Hyperion - Client

Hyperion Daily Production Model Changes

Written by Ed Muir | Nov 21, 2025 3:34:27 PM

 

Executive Summary

We've significantly enhanced our natural gas production forecasting methodology with a new three-facet hybrid approach that delivers more accurate daily production estimates across all major producing regions.

What's Changed:

Our previous methodology relied on simpler relationships between pipeline measurements and production and is still used in most subregions. For several subregions, the new framework introduces:

  1. Statistical correction for reporting delays - Accounts for the fact that state production reports start incomplete and are revised upward over time.
  2. More advanced modeling techniques - Automatically identifies the counties where state reported production is not reflected in interstate pipe scrape data and exclude them from our regression.
  3. Intelligent hybrid coverage - Where counties have poor interstate pipeline coverage, we substitute the pipe scrape model for our short term forecast to ensure we capture production.

The Bottom Line:

The new methodology produces materially different production estimates in the areas that they are used compared to our previous approach.

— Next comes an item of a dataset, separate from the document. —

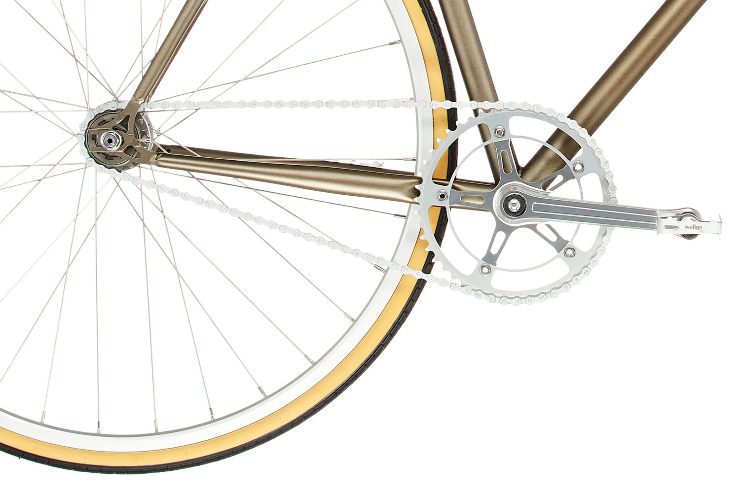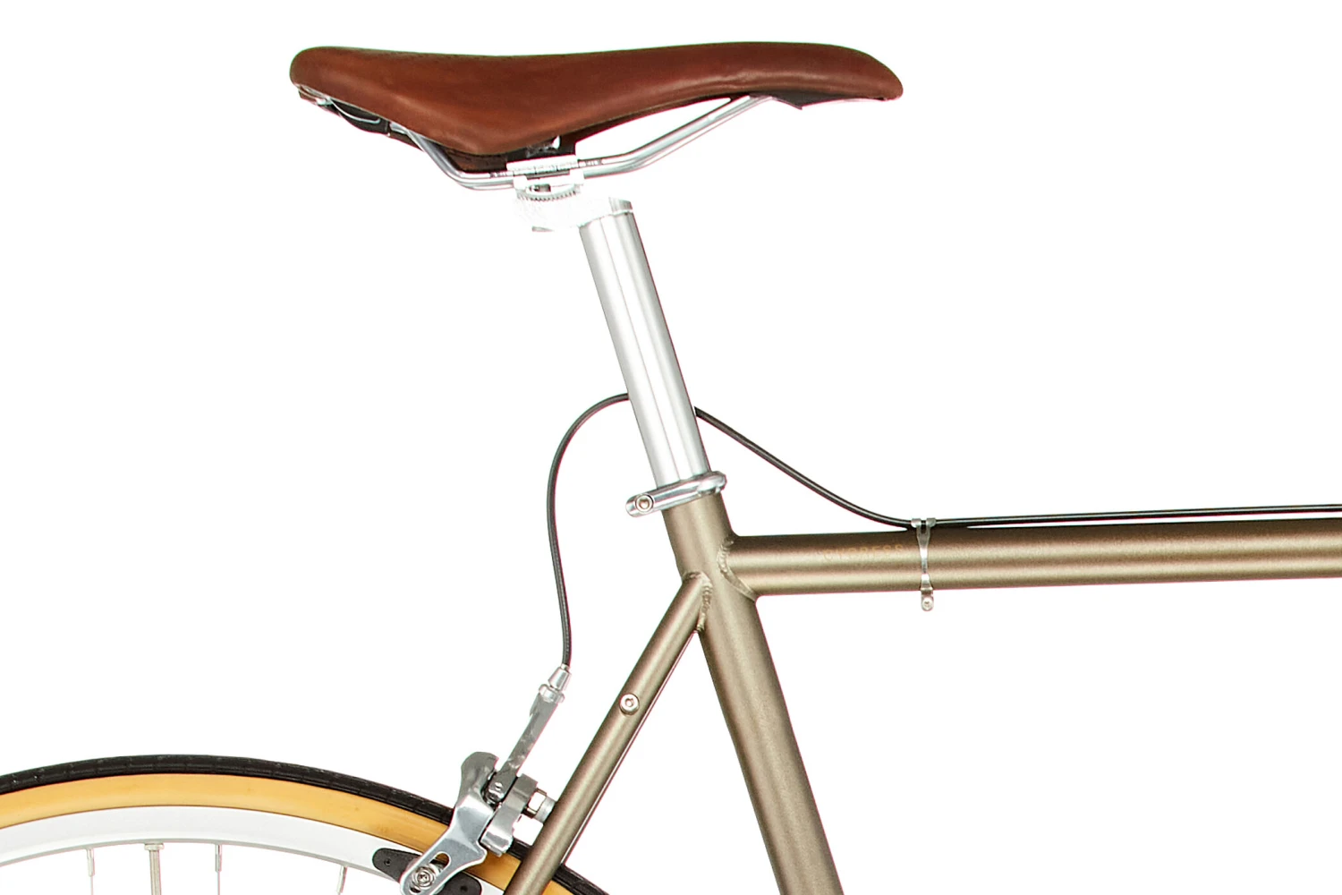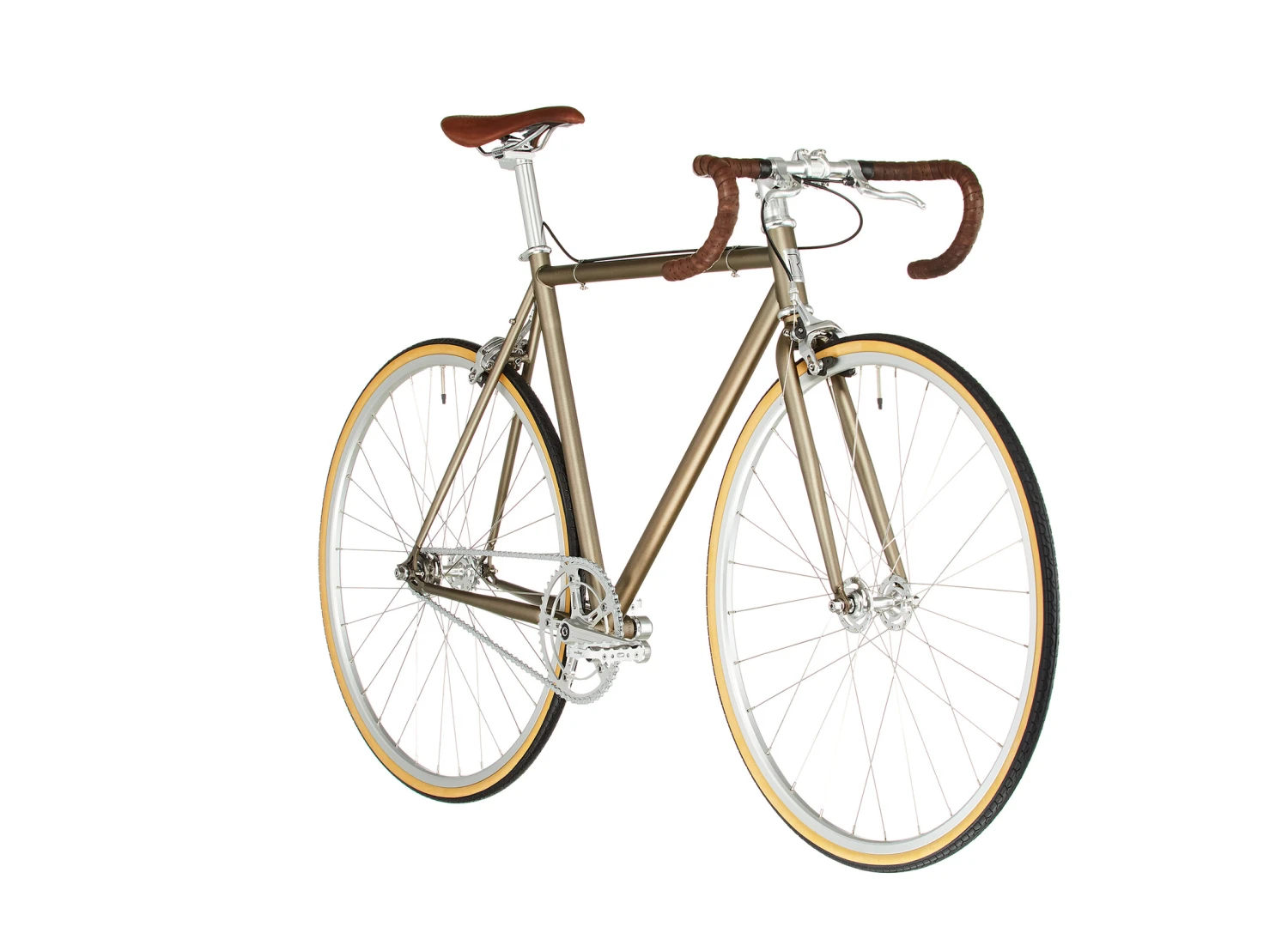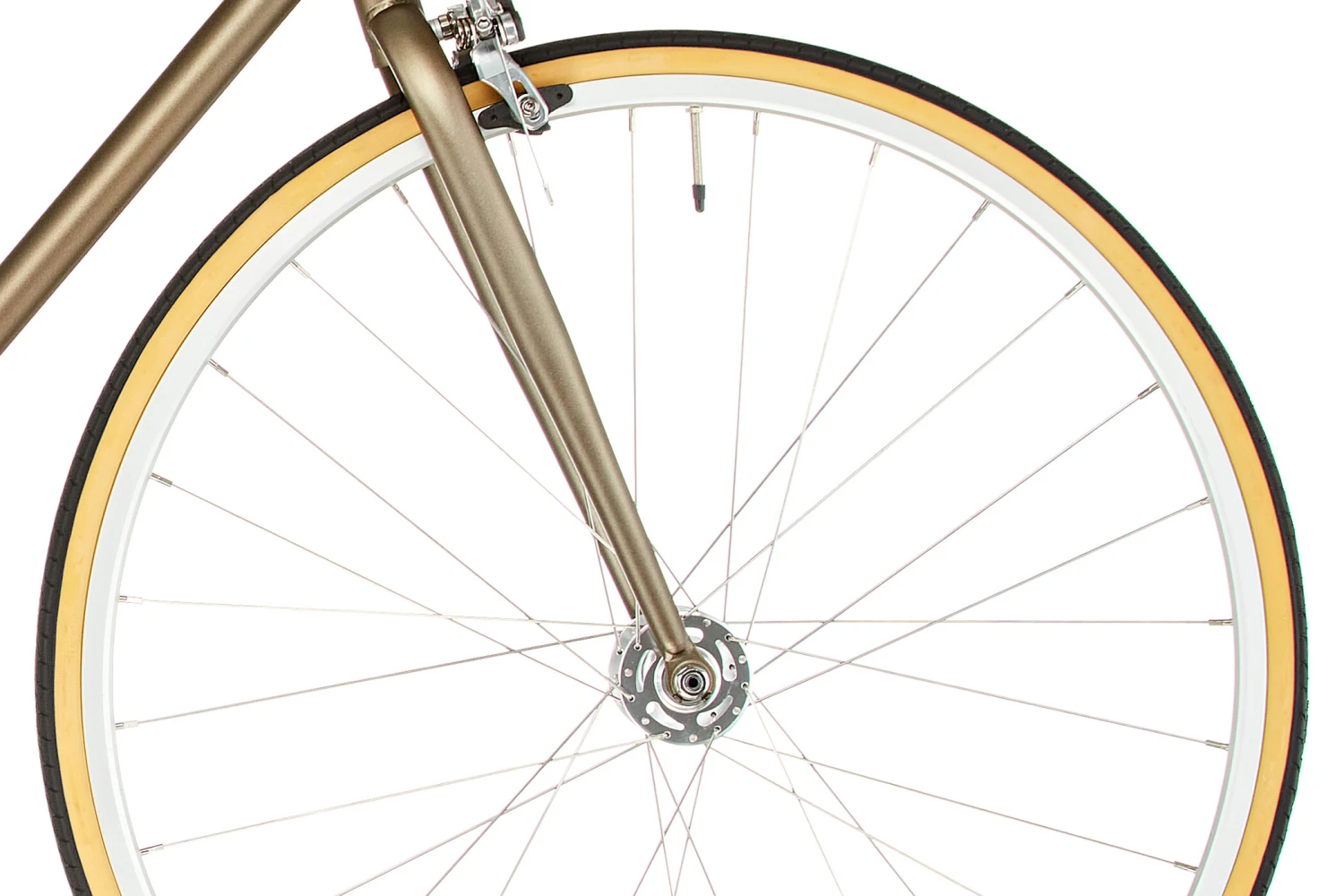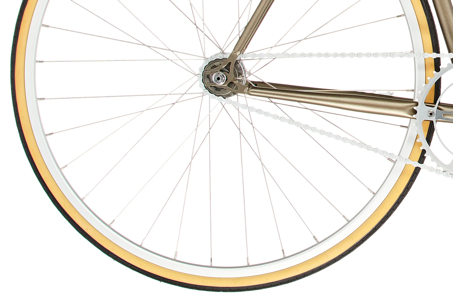 CYPRESS has a flip-flop hub for switching quickly and conveniently between fixed gear and single speed operation. In fixed-gear mode, the sprocket has no freewheel, meaning when the back wheel turns, your legs go with. If you want to feel really connected to the bike, this is the way to do it. If you prefer a more relaxed ride where you can coast down hills like on any other bike, simply flip the back wheel over and use the freewheel sprocket.

Production Changes by Region

We have updated regression coefficients in all subregions. Of these subregions, South Texas, West Texas, North East Pennsylvania now use the more advanced regression model as we saw significant improvement in the fit between state reported and modelled production in those regions.  (Note that there was a small change to the STF yesterday that makes some of these changes a bit different than shown, as these charts were generated prior to the STF change.)

South Texas:

The most affected region is South Texas, where a combination of long reporting lags and few correlated interstate pipelines lead to significant under reporting in the previous model. Our new model increases our production estimate by around 0.4 Bcf/d from May 2025.

West Texas:

West Texas also suffers from long reporting lags. When these reporting lags are corrected for, our production estimates increase moderately from June 2025. We use our new county-based regression model here to account for counties such as Crockett and Ward, which are poorly covered by interstate pipe flows.

North East Pennsylvania

While the majority of changes in Northeast Pennsylvania reflect updated state production data, our new county-based regression model shows significant improvement in the backtested fit. This enhanced accuracy should carry forward into future production estimates.

L48:

Looking at the lower 48 as a whole, the difference is about 500 mmcf/d recently, though this varies greatly. This is because the changes are primarily localized to Texas, which saw only a moderate increase in our production estimates. The changes prior to 2025 predominantly stem from state data updates. 

Introduction

Accurate, timely natural gas production estimates are essential for market participants, pipeline operators, and energy analysts. However, the industry faces a persistent challenge: state production data is comprehensive but slow, while pipeline measurements are fast but incomplete.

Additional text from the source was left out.